The result of `hanoi(5, 1, 2, 3)`

is as follows:

```
Move disk 1 from rod 1 to rod 3
Move disk 2 from rod 1 to rod 2
Move disk 1 from rod 3 to rod 2
Move disk 3 from rod 1 to rod 3
Move disk 1 from rod 2 to rod 1
Move disk 2 from rod 2 to rod 3
Move disk 1 from rod 1 to rod 3
Move disk 4 from rod 1 to rod 2
Move disk 1 from rod 3 to rod 2
Move disk 2 from rod 3 to rod 1
Move disk 1 from rod 2 to rod 1
Move disk 3 from rod 3 to rod 2
Move disk 1 from rod 1 to rod 3
Move disk 2 from rod 1 to rod 2
Move disk 1 from rod 3 to rod 2
Move disk 5 from rod 1 to rod 3
Move disk 1 from rod 2 to rod 1
Move disk 2 from rod 2 to rod 3
Move disk 1 from rod 1 to rod 3
Move disk 3 from rod 2 to rod 1
Move disk 1 from rod 3 to rod 2
Move disk 2 from rod 3 to rod 1
Move disk 1 from rod 2 to rod 1
Move disk 4 from rod 2 to rod 3
Move disk 1 from rod 1 to rod 3
Move disk 2 from rod 1 to rod 2
Move disk 1 from rod 3 to rod 2
Move disk 3 from rod 1 to rod 3
Move disk 1 from rod 2 to rod 1
Move disk 2 from rod 2 to rod 3
Move disk 1 from rod 1 to rod 3
```

## Counting Change¶

As a final example, let us consider the number of ways we can change a dollar into coins, using any quantity of half dollars (50¢), quarters (25¢), dimes (10¢), nickels (5¢), and pennies (1¢). The following are three possible ways:

$1 = 1 half dollar, 1 quarter, 2 dimes, 1 nickel

$1 = 2 quarters, 2 dimes, 30 pennies

$1 = 100 pennies

There are too many ways to enumerate them all manually. Instead, let’s take a look at a smaller example of the same problem: the number of ways to make change for 11¢ using dimes, nickels, and pennies. There are exactly four:

11¢ = 1 dime, 1 penny

11¢ = 2 nickels, 1 penny

11¢ = 1 nickel, 6 pennies

11¢ = 11 pennies

We can categorize these solutions according to which coins they use, as shown in Figure 94.

If we decide to use a particular coin, we are left with the subproblem of making a smaller amount of change using the same set of coins. For example, if we choose to use a dime, we need only make 1¢ using dimes, nickels, and pennies. On the other hand, if we choose not to use a particular coin, we must make the full amount of change with a smaller set of coins. In our example, if we decide not to use a dime, we must make the full 11¢ with only nickels and pennies. If we then use a nickel, we are left with making 6¢ with only nickels and pennies.

Figure 95 illustrates a decision tree for how to make change. At any point in time, we have a target amount and a set of available coins. We then decide whether to use the largest of our available coins. Either decision leads to a subproblem:

Making a smaller amount of change with the same set of available coins.

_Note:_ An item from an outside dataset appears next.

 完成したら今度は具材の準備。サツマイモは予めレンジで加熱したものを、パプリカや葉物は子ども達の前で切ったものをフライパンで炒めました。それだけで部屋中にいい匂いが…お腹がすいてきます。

Making the same amount of change with a smaller set of available coins.

Thus, we have a recurrence that expresses the solution for a full problem in terms of two subproblems.

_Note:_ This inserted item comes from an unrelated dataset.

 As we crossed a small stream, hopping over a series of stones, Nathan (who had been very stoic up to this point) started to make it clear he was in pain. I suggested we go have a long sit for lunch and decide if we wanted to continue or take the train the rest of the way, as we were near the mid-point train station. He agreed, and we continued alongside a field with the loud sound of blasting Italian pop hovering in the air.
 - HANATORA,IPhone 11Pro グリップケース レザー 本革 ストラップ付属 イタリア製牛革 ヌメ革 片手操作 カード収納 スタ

We also need to identify base cases that we can solve directly:

If the change amount is zero, there is only one way to do that: use no coins.

If the change amount is negative, there is no way to do that, since we do not have negative coins.

If the change amount is positive but we have no coins available, we cannot make that change.

The following implements the resulting algorithm in code:

```
// EFFECTS: Returns the number of ways to make amount in change
// using only the coin denominations in kinds.
int count_change(int amount, const int kinds[], int num_kinds) {
if (amount == 0) {
// one way to make nothing: use no coins
return 1;
} else if (amount < 0 || num_kinds < 1) {
// cannot make negative amount, or anything with no coins
return 0;
} else {
return
// use the largest coin, reducing the amount of change to make
count_change(amount - kinds[num_kinds - 1], kinds, num_kinds) +
// don't use the largest coin, reducing the available coins
count_change(amount, kinds, num_kinds - 1);
}
}
```

This tree-recursive implementation is very inefficient, repeating the
same computations many times. Techniques such as *memoization* and
*dynamic programming* can drastically improve the efficiency, but they
are beyond the scope of this course. (With such a technique in place,
the result is 292 for the number of ways to make change for a dollar.)